Single Track Viaduct clearance problems. The inside wall of the single track viaducts are too high to allow your longer passenger cars and rolling stock to go through. The problem is specifically with cars that are longer that 160mm, as I have a set with passenger cars that are 164mm which have problems on both the 282 and 315mm curves, however, my 161mm cars do not appear to touch the inside walls at any point. A very crude (and temporary) solution I had to apply was to sand down the inside walls with my belt sander. Still working on a better plan, possibly with a completely different approach to the elevated track in this area. Overhead Station Clearance problems. Keep those pantographs down going through the Kato Overhead station! This may be a manufacturer specific only issue, but the pantographs on my Fleischmann electric will not clear the bottom of the Kato station. Since elevating the station is not a good option (the stairways that come with it would not fit right), you either need to install catenary that would push the pantograph down as it goes under the station, keep the pantographs down, or device a system to restrict the full extension of the pantographs on those models where this is an issue. I have noticed this is only a problem on those electric engines that have the capability to draw power from catenary. My Kato Thalys cannot do this, as the pantographs do not go high enough to encounter any obstruction from the station. The actual vertical distance from the bottom of the station to the base is just a hair under 2". However, once you add Kato Unitrack, the vertical clearance between the top of the rails and the bottom of the station is about 1 5/8.

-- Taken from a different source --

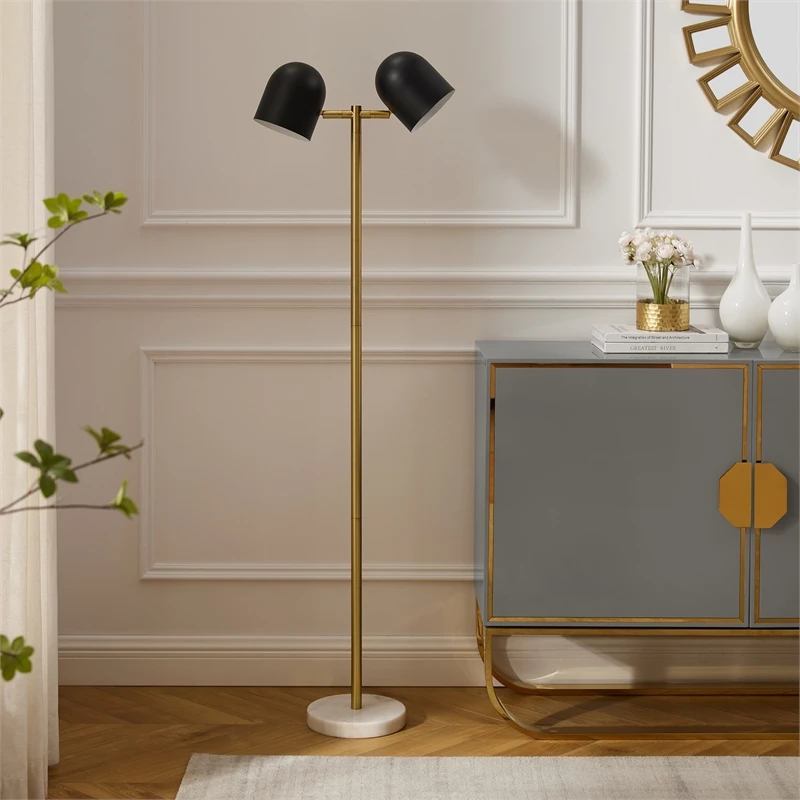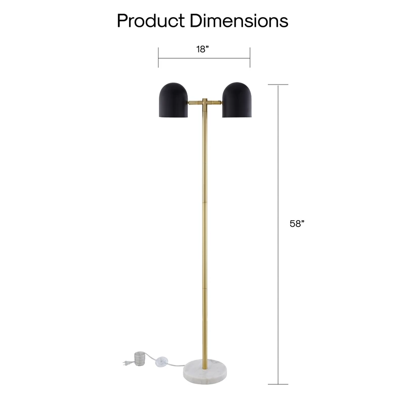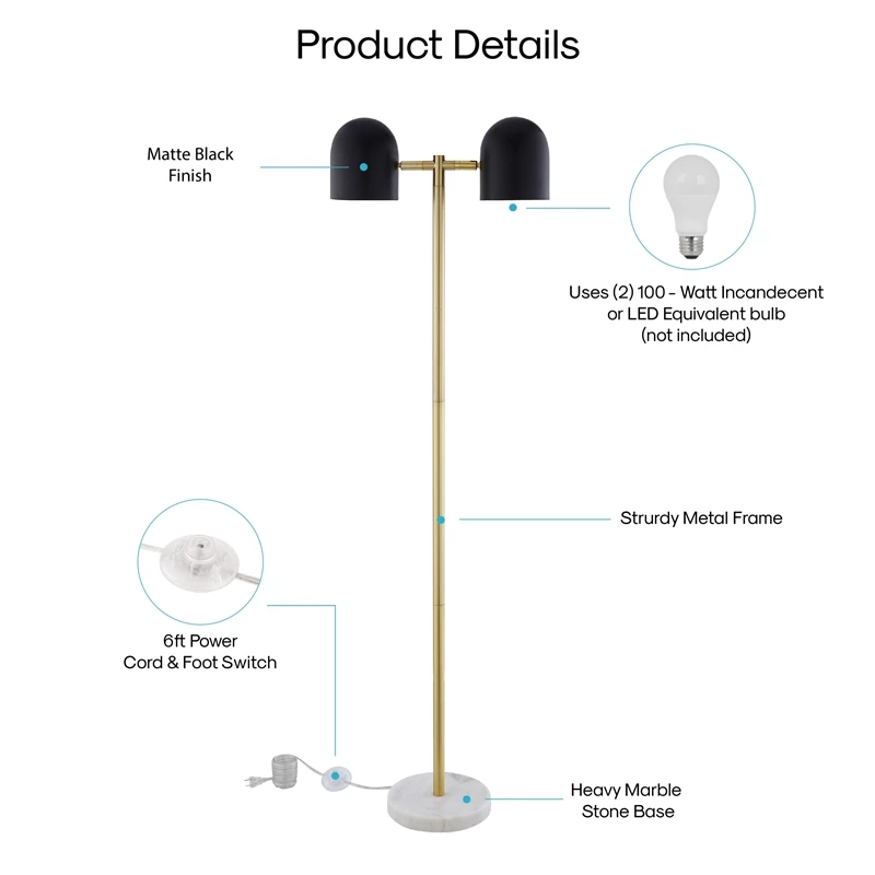 Enhance the intimacy and relaxing ambience of your home decor with this all-purpose floor lamp. This essential decor features a sturdy metal frame, supported by a polished marble base and comes with a 6-feett power cord with foot switch for easy usage. Flexible lighting is provided by two 100-watt incandescent or LED bulb equivalents. This ultra-versatile contemporary lamp piece is the perfect enhancement to any bedroom or living room lighting decor.
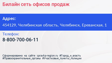 Билайн, сеть офисов продаж по адресу 454129, Челябинская область, Челябинск, Ереванская, 1 в дальнейшем Организация, размещена в следующих категориях:

All things considered, the issues I ran into are relatively minor compared to some of the problems I've had with 'traditional' track. I also have to say that I tried to use both Atlas and Minitrix switches on the layout originally, but due to persistent derailments or frog conductivity issues, they were all replaced (except for a couple of Minitrix switches in my mill yard).
Its a great system! It will be interesting to see what Atlas does with its new competitive version of this system. If the two systems are compatible, this could be good news for us N Scale modelers!
For more in depth help, tips, and deeper commentary on the Unitrack system, I recommend the Yahoo Unitrack group and Karayan's Unitrack page, which both contain multiple links to various resources as well. I also go into some more detail on some successful features of this system in this post, which I think articulates some of the unique advantages and capabilities of this system.
I'm into N Scale to have fun. Growing up my Dad was really big into HO (U.S.A. of course, mostly Western U.S. roads like Great Northern, Milwaukee Road, Northern Pacific, etc...) and he built me a small N Scale layout which I enjoyed as a small boy. Of the various trains I had at the time, the brand 'Minitrix' stuck in my head. As the years passed, N Scale was forgotten as new interests took my time.
As a new parent, I got back into model trains through O Gauge (Lionel and MTH). However, the cost of this scale, and the space needed for the sort of layout I wanted, made it a very frustrating hobby. Then one day at a hobby shop in California, I came across the Trix 2003 catalog; Inside this catalog were beautiful models of trains across Europe shown on beautiful layouts - and I was converted! It took a few years, but most of the O Gauge was sold (or stored) and I used the funds to start my new fantasy in N Scale.
Soon, I also discovered the amazing trains of Japan in N Scale, and begin my quest to build an interesting urban layout in a complete fantasy setting where the great trains of the world can run side by side!